Untuk yang terakhir ini, khusyuk dan tidak meninggikan suara, detegaskan dan diperkuat dengan ayat yang tertera di bawah judul tulisan ini. Asbabun nuzul pada surat al-Baqarah ayat 186 berbicara tentang pertanyaan orang Arab Badui kepada Rasulullah mengenai keberadaan Allah azza wa jalla. Menurut mereka, jika Allah itu dekat maka mereka aka berdoa sambil bermunajat-merendahkan suara. Tapi jika Allah itu jauh maka mereka akan berdoa sambil berteriak-meninggikan suara. Berikut pemaparan Ibnu Katsir di dalam kitab Tafsirnya:
روي أَنَّ أَعْرَابِيًّا قَالَ: يَا رَسُولَ اللَّهِ أَقَرِيبٌ رَبُّنَا فَنُنَاجِيهِ أَمْ بَعِيدٌ فَنُنَادِيهِ؟ فَسَكَتَ النَّبِيُّ صَلَّى اللَّهُ عَلَيْهِ وَسَلَّمَ فَأَنْزَلَ اللَّهُ: {وَإِذَا سَأَلَكَ عِبَادِي عَنِّي فَإِنِّي قَرِيبٌ أُجِيبُ دَعْوَةَ الداع إِذَا دَعَانِ فَلْيَسْتَجِيبُواْ لِي وليؤمنوا} (أخرجه ابن أبي حاتم) وعن الْحَسَنِ قَالَ: سَأَلَ أَصْحَابُ رَسُولِ اللَّهِ صَلَّى اللَّهُ عَلَيْهِ وَسَلَّمَ: أَيْنَ رَبُّنَا؟ فَأَنْزَلَ اللَّهُ عَزَّ وَجَلَّ: {وَإِذَا سَأَلَكَ عِبَادِي عَنِّي فَإِنِّي قَرِيبٌ أُجِيبُ دَعْوَةَ الدَّاعِ إِذَا دَعَانِ} الْآيَةَ.

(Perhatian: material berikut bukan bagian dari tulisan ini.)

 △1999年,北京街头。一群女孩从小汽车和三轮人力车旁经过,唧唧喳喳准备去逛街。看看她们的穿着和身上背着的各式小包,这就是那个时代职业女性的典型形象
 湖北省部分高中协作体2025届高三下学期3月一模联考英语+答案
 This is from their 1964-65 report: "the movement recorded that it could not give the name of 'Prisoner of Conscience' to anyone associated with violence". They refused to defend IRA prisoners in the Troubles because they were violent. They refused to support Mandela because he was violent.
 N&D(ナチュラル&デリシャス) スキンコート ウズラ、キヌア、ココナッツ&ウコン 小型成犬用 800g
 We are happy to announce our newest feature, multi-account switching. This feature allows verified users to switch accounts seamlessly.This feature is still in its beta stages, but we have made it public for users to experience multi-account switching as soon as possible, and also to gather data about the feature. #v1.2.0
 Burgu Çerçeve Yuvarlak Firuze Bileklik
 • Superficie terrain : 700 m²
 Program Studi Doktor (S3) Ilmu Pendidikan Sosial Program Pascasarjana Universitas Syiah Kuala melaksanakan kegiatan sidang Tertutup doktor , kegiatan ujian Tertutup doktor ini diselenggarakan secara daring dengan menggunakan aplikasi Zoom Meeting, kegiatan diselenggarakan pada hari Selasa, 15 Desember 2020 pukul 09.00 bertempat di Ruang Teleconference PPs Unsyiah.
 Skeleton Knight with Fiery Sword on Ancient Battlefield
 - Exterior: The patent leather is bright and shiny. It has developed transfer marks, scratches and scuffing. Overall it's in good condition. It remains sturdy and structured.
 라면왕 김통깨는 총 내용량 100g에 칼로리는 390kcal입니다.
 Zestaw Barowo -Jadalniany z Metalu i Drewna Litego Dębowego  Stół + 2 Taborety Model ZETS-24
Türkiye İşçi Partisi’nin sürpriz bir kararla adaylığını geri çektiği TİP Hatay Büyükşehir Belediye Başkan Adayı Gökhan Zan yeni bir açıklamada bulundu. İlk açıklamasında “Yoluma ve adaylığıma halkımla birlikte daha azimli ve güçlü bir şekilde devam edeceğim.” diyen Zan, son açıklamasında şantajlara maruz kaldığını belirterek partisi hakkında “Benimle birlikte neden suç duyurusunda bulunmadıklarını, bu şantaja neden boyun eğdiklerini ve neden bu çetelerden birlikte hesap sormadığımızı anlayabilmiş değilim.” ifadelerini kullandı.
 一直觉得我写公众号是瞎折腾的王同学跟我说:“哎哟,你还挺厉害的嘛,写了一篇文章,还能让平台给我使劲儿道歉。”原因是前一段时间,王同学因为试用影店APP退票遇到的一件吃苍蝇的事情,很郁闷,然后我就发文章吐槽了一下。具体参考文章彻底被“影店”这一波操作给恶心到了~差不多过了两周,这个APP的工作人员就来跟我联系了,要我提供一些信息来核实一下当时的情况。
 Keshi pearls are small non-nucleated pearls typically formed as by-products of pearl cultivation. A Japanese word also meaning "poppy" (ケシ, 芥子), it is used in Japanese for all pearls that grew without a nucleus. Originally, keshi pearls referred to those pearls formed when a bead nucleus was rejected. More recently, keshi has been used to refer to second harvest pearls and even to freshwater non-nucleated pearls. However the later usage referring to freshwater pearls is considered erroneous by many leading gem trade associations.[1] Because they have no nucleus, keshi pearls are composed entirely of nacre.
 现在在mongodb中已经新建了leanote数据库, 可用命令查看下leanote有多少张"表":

Diriwayatkan bahwa orang Arab Badui bertanya, “Wahai Rasulullah! Apakah Tuhan kami itu dekat? (jika dekat) kami akan bermunajat kepada-Nya. Ataukah jauh? (jika jauh) kami akan berteriak?” Nabi shalla-‘Llahu ‘alaihi wa sallam terdiam lalu Allah menurunkan ayat “Dan apabila hamba-hamba-Ku bertanya kepadamu tentang Aku, maka (jawablah), bahwasanya aku adalah dekat; Aku mengabulkan permohonan orang yang berdoa apabila ia memohon kepada-Ku, maka hendaklah mereka itu memenuhi (segala perintah-Ku) dan hendaklah mereka beriman kepada-Ku”. (Dikeluarkan oleh Ibnu Abi Hatim). Dan dari al-Hasan ia berkata, “Para sahabat Rasulullah shalla-‘Llahu ‘alaihi wa sallam bertanya, “Dimanakah Tuhan kami?” lalu Allah azza wa jalla menurunkan ayat “Dan apabila hamba-hamba-Ku bertanya kepadamu tentang Aku, maka (jawablah), bahwasanya aku adalah dekat; Aku mengabulkan permohonan orang yang berdoa apabila ia memohon kepada-Ku”.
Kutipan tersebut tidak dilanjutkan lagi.